Kester was born in 1870, some 30 miles north of Columbus at Delaware, Ohio. He was the younger of two sons raised by Franklin "Frank" Cooley and Harriet Kester. His father was traveling salesman, and mother an art teacher who in 1882 helped found the Cleveland School of Art. Kester was educated by home tutors and at private schools where he excelled in the dramatic arts. His first success came in January 1892 with Countess Roudine, which premiered in Philadelphia at the Chestnut Street Theatre and opened a week later at the Union Square Theatre in New York City. Countess Roudine was a collaborative effort written with the actress Minnie Maddern Fiske. In 1896 his adaptation of Edward Bulwer-Lytton's Eugene Aram was produced by Walker Whiteside's company and in 1902 with George Middleton adapted the George W. Cable Southern romance The Cavalier that was staged at the Criterion Theatre with Julia Marlowe. Actress Annie Russell produced and starred in his 1906 Quaker tale Friend Hannah, written with the help of his brother, Vaughan. Kester worked on nearly 30 plays over his career. His most successful Broadway effort was probably The Woman of Bronze, which ran for 252 performances between September 1920 and April 1921 at Manhattan's Frazee Theatre. He also authored a number of books, with His Own Country most likely the more popular. Described as shy and diffident, Kester preferred country life to that of the city. In 1902, with his brother, he purchased and renovated Woodlawn Plantation in Northern Virginia. Five years later the two acquired nearby Gunston Hall, where Vaughan Kester died in 1911. A few years later Kester and his mother relocated to Belmont, an estate near Alexandria, Virginia, which is today part of the campus of St. Stephen's & St. Agnes School. Kester spent his final years at Lake Mohegan, a small community near Peekskill, New York. He died there in 1933 at the age of 62, a victim of thrombosis. At the time the closest surviving member of his family was the mezzo-soprano opera singer Florence Wickham, a cousin. He is buried in the graveyard at Pohick Church, once the parish church of Gunston Hall, as is his mother; at one time he had served as a member of the church vestry.

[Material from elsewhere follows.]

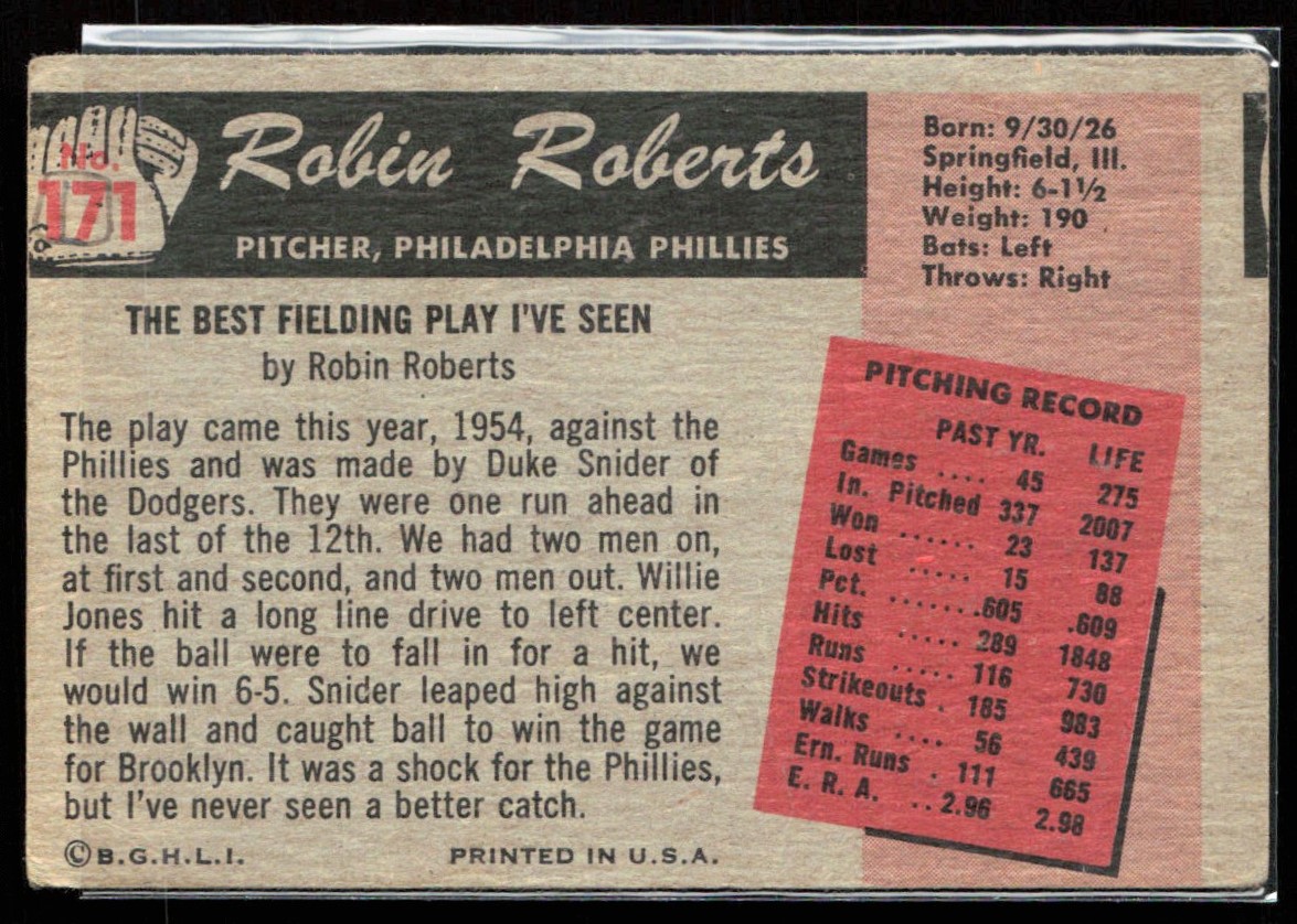 | Robin Roberts 1955 Bowman #171 Philadelphia Phillies |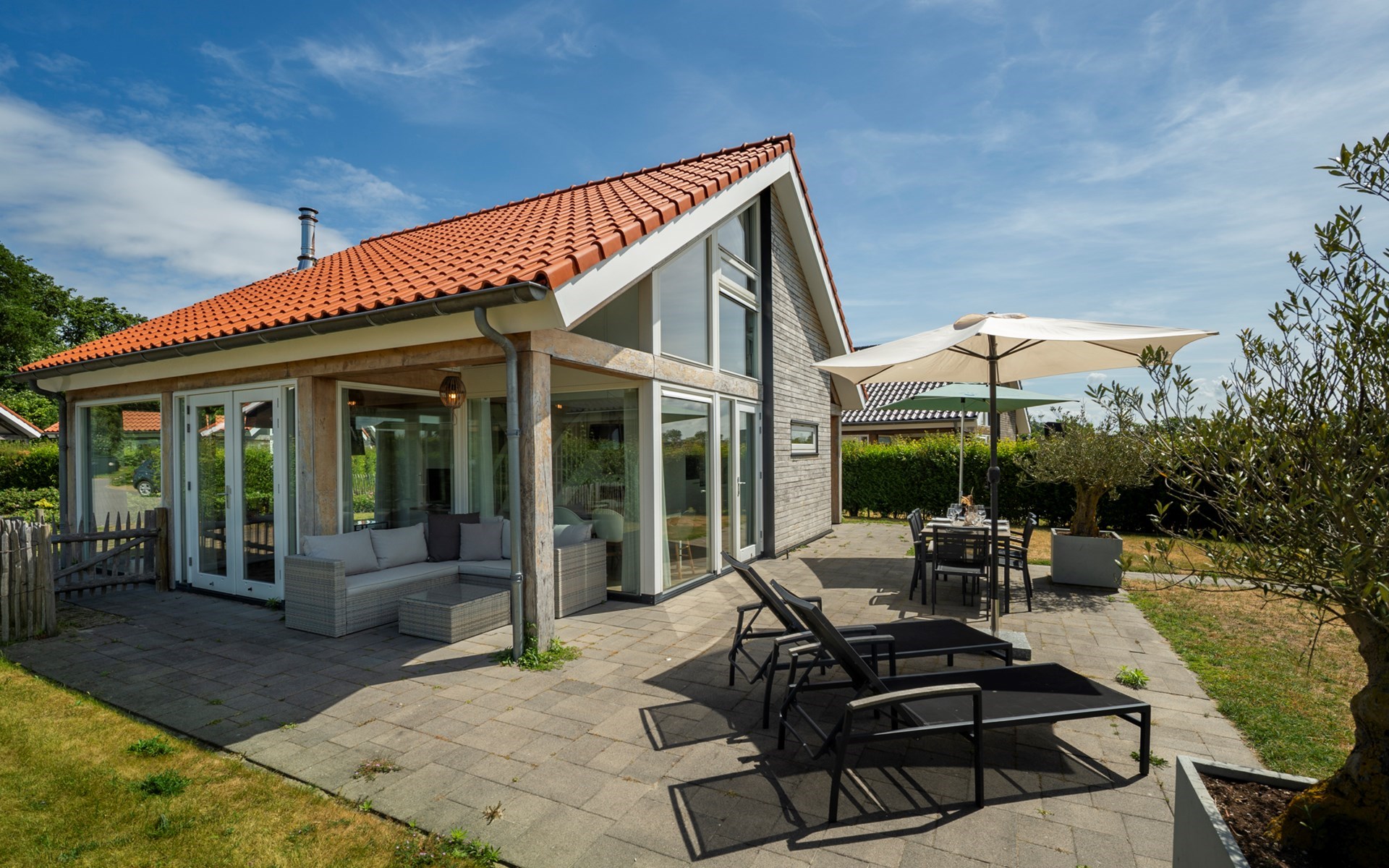 Dieses moderne Ferienhaus ist stilvoll eingerichtet und verfügt über eine komfortable Sitzecke mit angrenzendem Essbereich sowie eine offene Küche, die ein echtes Küstengefühl vermittelt. Die Küche ist mit allem Komfort ausgestattet, einschließlich verschiedener Geräte wie der Miele-Geschirrspüler, aber auch ein Poffertjes-Maker, damit Sie mit Ihren Kindern gemeinsam Poffertjes zubereiten können. Der holzbefeuerte Kamin sorgt für Atmosphäre und Gemütlichkeit im Haus, besonders an kälteren Tagen. Im Erdgeschoss gibt es ein Schlafzimmer mit eigenem Badezimmer sowie eine separate Toilette. Die obere Etage verfügt über zwei Schlafzimmer, ein zusätzliches Badezimmer und eine separate Toilette. Ein besonderes Highlight dieser Unterkunft sind die elektrischen Dachfenster in den oberen Schlafzimmern, die automatisch für Belüftung sorgen. Dadurch bleiben die Räume im Sommer angenehm kühl, insbesondere wenn Sie tagsüber die elektrischen Rollos geschlossen halten – nur einer der vielen Vorteile dieses Hauses in den Sommermonaten.

Kester spoke of his novel His Own Country in the aftermath of World War I:
The Race problem is always with us, and as my story deals in a serious way with its more serious aspects, I do not think it can be untimely. New phases of this great problem come up from day to day – but the problem itself is as old as history – very likely it will remain a problem to the end of history. Racial differences and the prejudices resulting from them have always confronted practical statesmen. The old method of dealing with them was by conquest, subjugation, or extermination. Such methods are now obsolete. Better ones must be found. Understanding must precede intelligent action along any lines, and my reason – perhaps I would better say my justification – for writing His Own Country has been my hope and belief that it would bring some little considered phases of this menacing and mighty problem more clearly before the minds of readers who live remote from it, yet whose consent is necessary, as it should be in a democracy, to any adjustment of settlement of living conditions where the races are existing side by side.
"Home"
I want to go home To the dull old town With the shaded streets And the open square And the hill And the flats And the house I love And the paths I know - I want to go home. If I can't go back To the happy days, Yet I can live Where their shadows lie, Under the trees And over the grass - I want to be there Where the joy was once. Oh, I want to go home, I want to go home.